According to interrogatory questions submitted to Sponaugle through the discovery process, Justice said he does reside at the seat of government but refused to answer direct questions about whether he stays at the governor’s mansion or even his residency address, arguing the “reside” is not defined and that Justice has more than one address.
“You can’t really reach an answer whether or not (Justice) resided at a place unless you can get facts,” Sponaugle said. “I believe he has made public remarks that he doesn’t reside there, but in the pleadings, he says he resides there as far as the constitution says. I don’t know how the court can make a determination without at least a little bit of evidence.”
Terwilliger said Justice does reside in Charleston as specified in the state constitution, maintains a home at the Governor’s Mansion, an office inside the Capitol and physically present there as often as he needs to be.
“There is no dispute about the requirement to reside,” Terwilliger said. “He says he does reside there. If there is a dispute about that, it’s a legal dispute about what is required in order to meet the requirement to reside. It’s not a factual dispute.”
The issue, Terwilliger said, is the merging over time by the courts of the definition of “residence” and “domicile.”
“(Sponaugle) continually confuses the term,” Terwilliger said. “The courts, over time, have merged the concept of residence and domicile, but they mean different things.
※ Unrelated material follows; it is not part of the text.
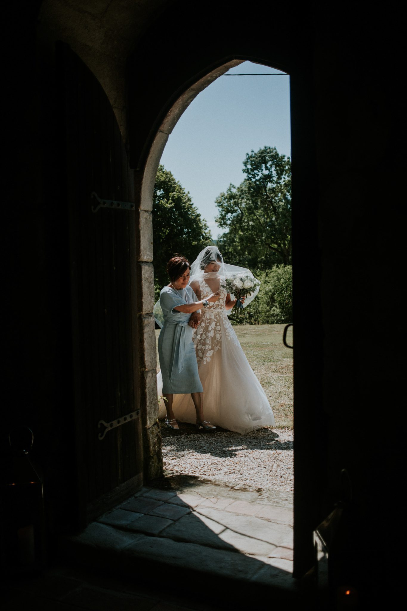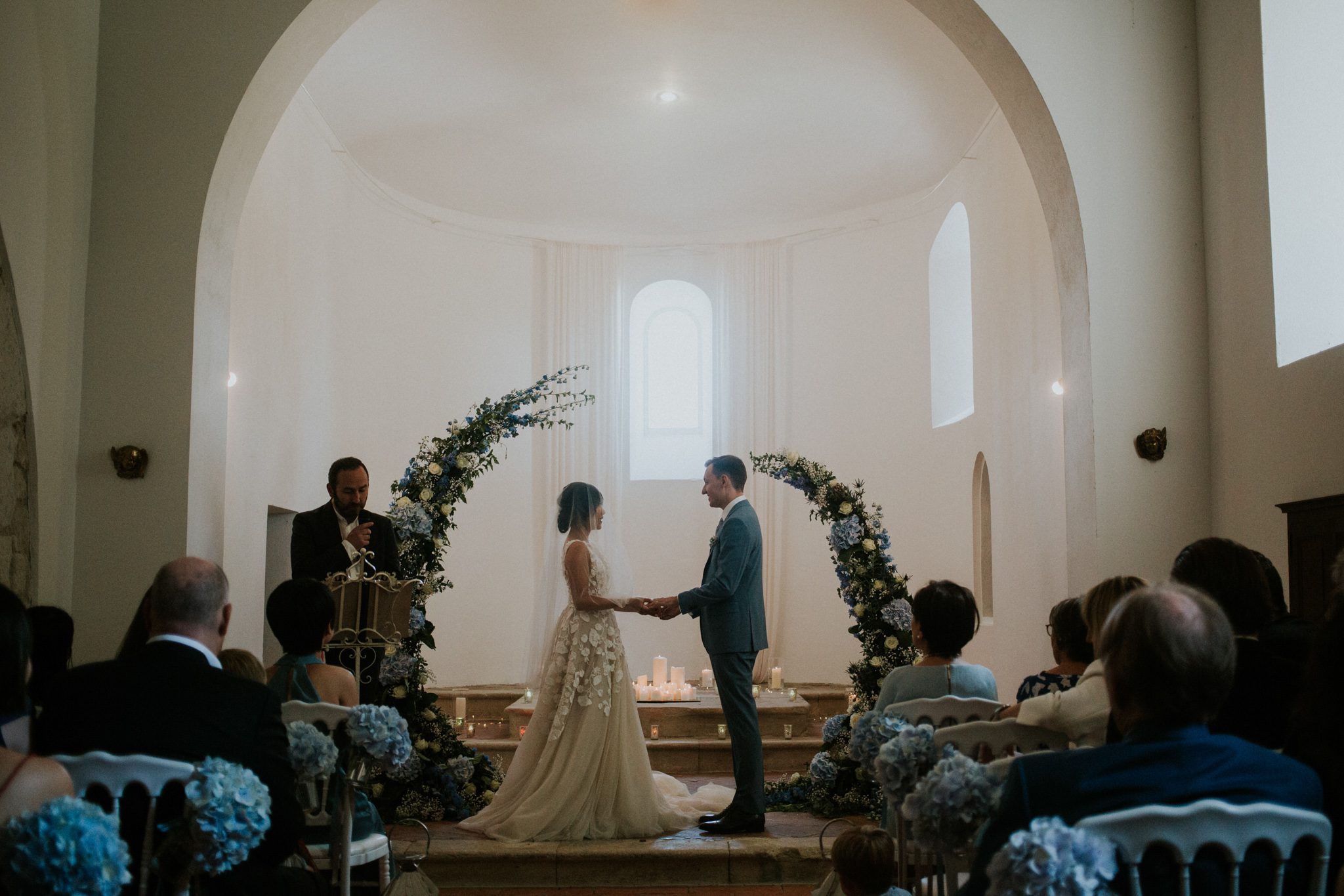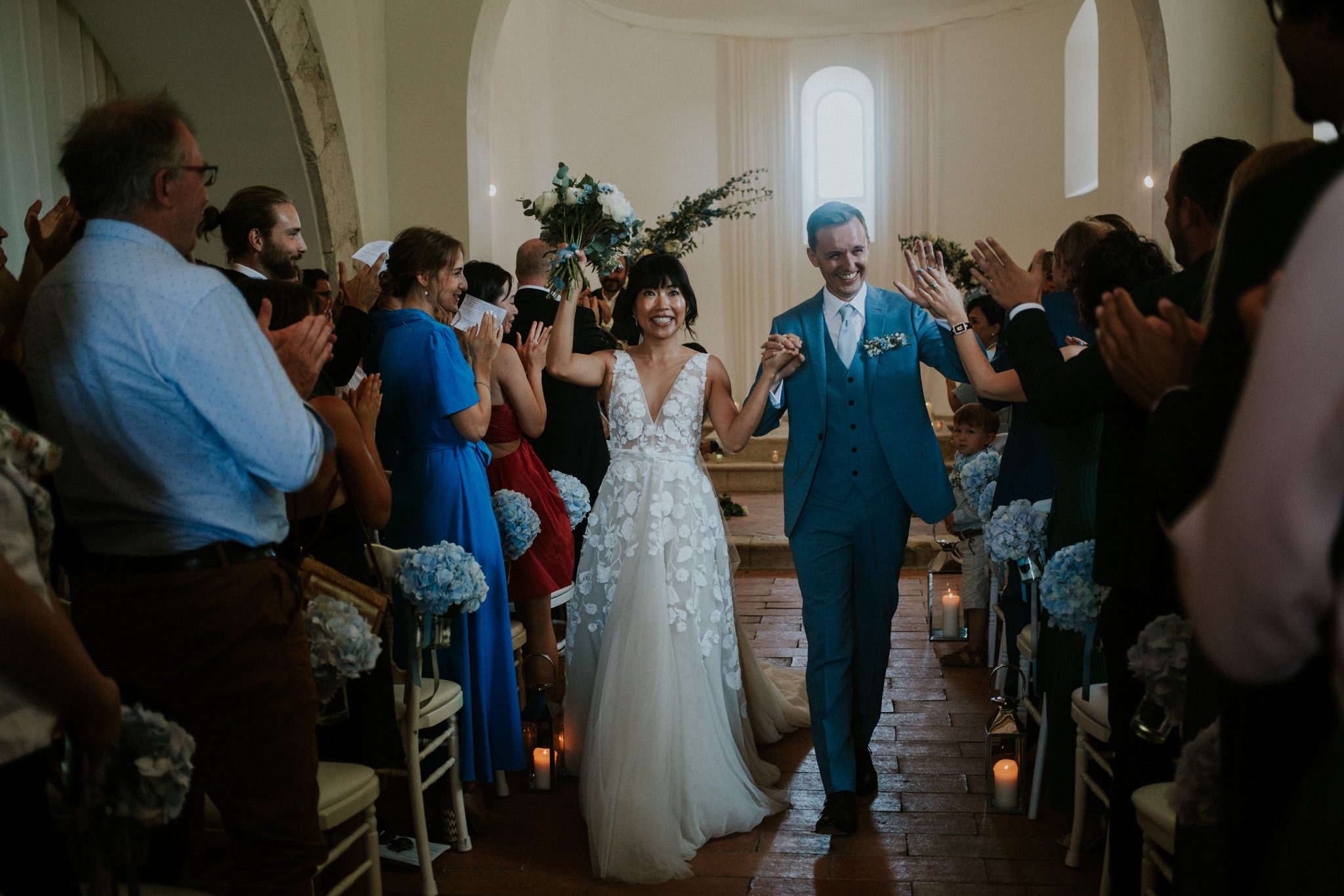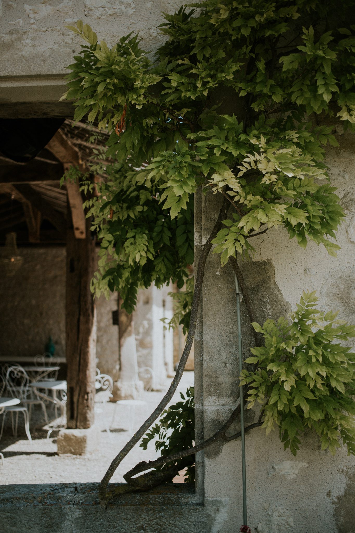If I were to picture the perfect chateau wedding, this would come close. And it’s slightly in the little details. The waterfalls of wisteria. The fields of sunflowers, nodding drowsily in the breeze. Dinner held in a centuries old barn, and in the floor tiles there are the unmistakable imrints from a cat’s paw. the cat in question is hundreds of years gone but her legacy of tiny cat vandalism very much remains. The chapel interior is whitewashed – helping keep things cool while affording a flexible canvas for a ceremony

We have a beautiful language in English, and no two words mean exactly the same. Residence may not even mean live in a particular place.”
Carey represents Justice in his capacity as governor in the legal case. Since the case was filed at the end of 2018 Carey has been paid $15,217 by the governor’s office according to the state auditor’s office.
Terwilliger was brought on last month, though when speaking to reporters after Wednesday’s hearing he would not say who was paying him other than to say the state was not paying him. Terwilliger practices law with MacGuireWoods in Washington, D.C., specializing in “government and internal investigations, agency enforcement proceedings and civil and criminal litigation.”
Prior to Wednesday’s hearing, the Governor’s Office released the following statement.
“No one has worked harder for the people of West Virginia than Governor Justice,” said Brian Abraham, general counsel for the governor’s office. “He has used his unique skills as a businessman to drive economic growth and job creation, as evidenced by our number-one rankings in GDP and personal income growth. This lawsuit is a frivolous political stunt designed to distract from the important work that needs to be done for the state.”